◆ Goal of the exercise: Could you repeat every line below exactly, skipping the images?

◆ Dataset extract:
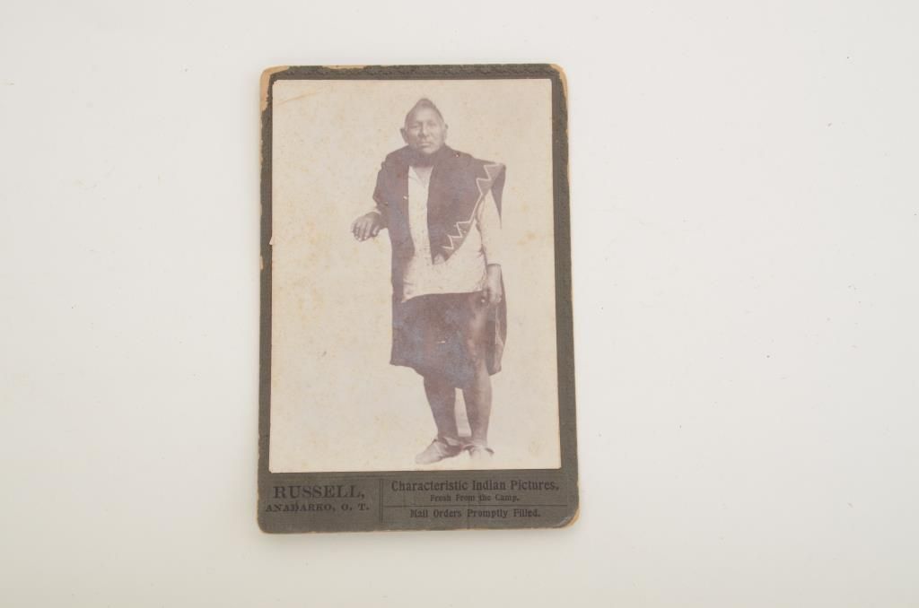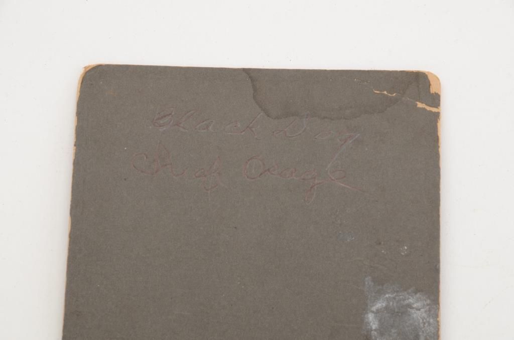 Cabinet photo by Russell of Anadarko, O.T. (Oklahoma Territory) of an American Indian, approx. 6-1/2” x 4-1/4” in overall good condition with “Black Dog, Chief Osage” written on the back in pencil. Est.:$50-$75.
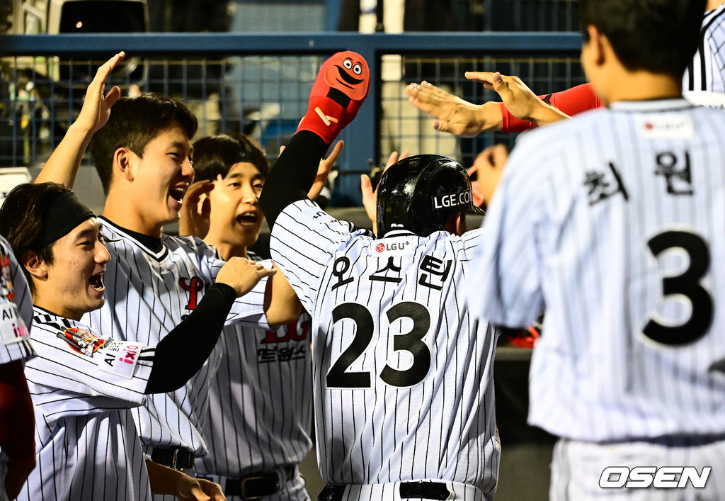 1회말 2사 2루에서 LG 오스틴이 김현수의 선제 적시타에 득점에 성공하며 동료선수들과 기뻐하고 있다. 2025.10.01 /jpnews@osen.co.kr
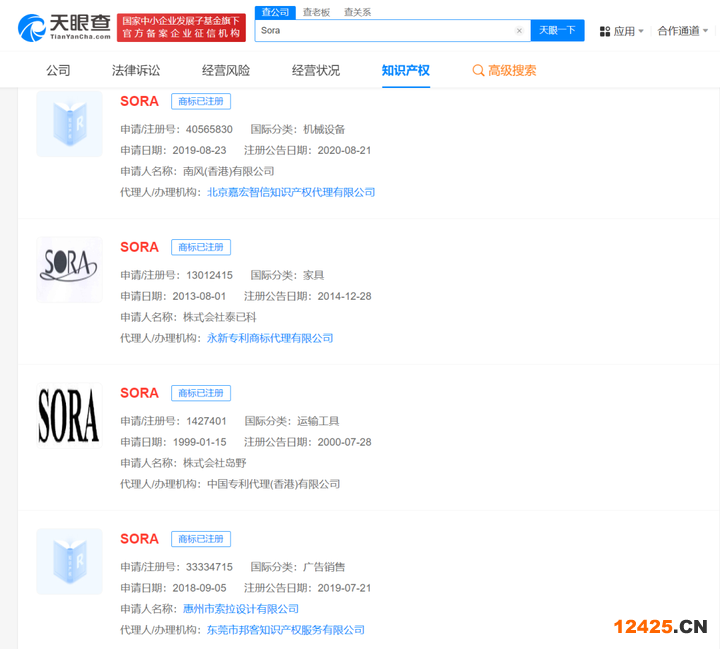 SORA已被多方注冊商標(biāo),最早申請于1999年
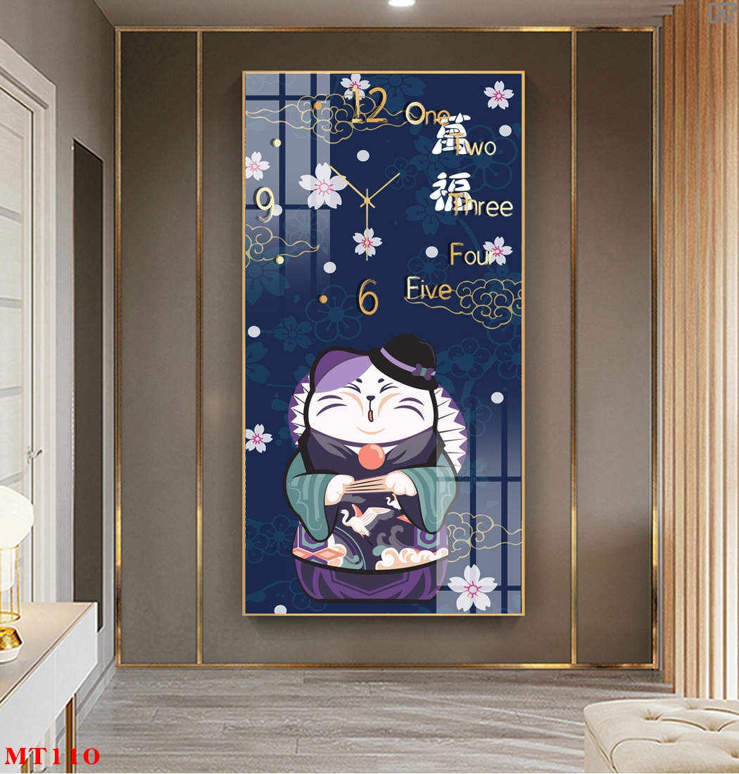 ĐỒNG HỒ TRÁNG GƯƠNG MÈO THẦN TÀI DÁNG DỌC HIỆN ĐẠI

◆ Exercise solution:
 Cabinet photo by Russell of Anadarko, O.T. (Oklahoma Territory) of an American Indian, approx. 6-1/2” x 4-1/4” in overall good condition with “Black Dog, Chief Osage” written on the back in pencil. Est.:$50-$75.
 1회말 2사 2루에서 LG 오스틴이 김현수의 선제 적시타에 득점에 성공하며 동료선수들과 기뻐하고 있다. 2025.10.01 /jpnews@osen.co.kr
 SORA已被多方注冊商標(biāo),最早申請于1999年
 ĐỒNG HỒ TRÁNG GƯƠNG MÈO THẦN TÀI DÁNG DỌC HIỆN ĐẠI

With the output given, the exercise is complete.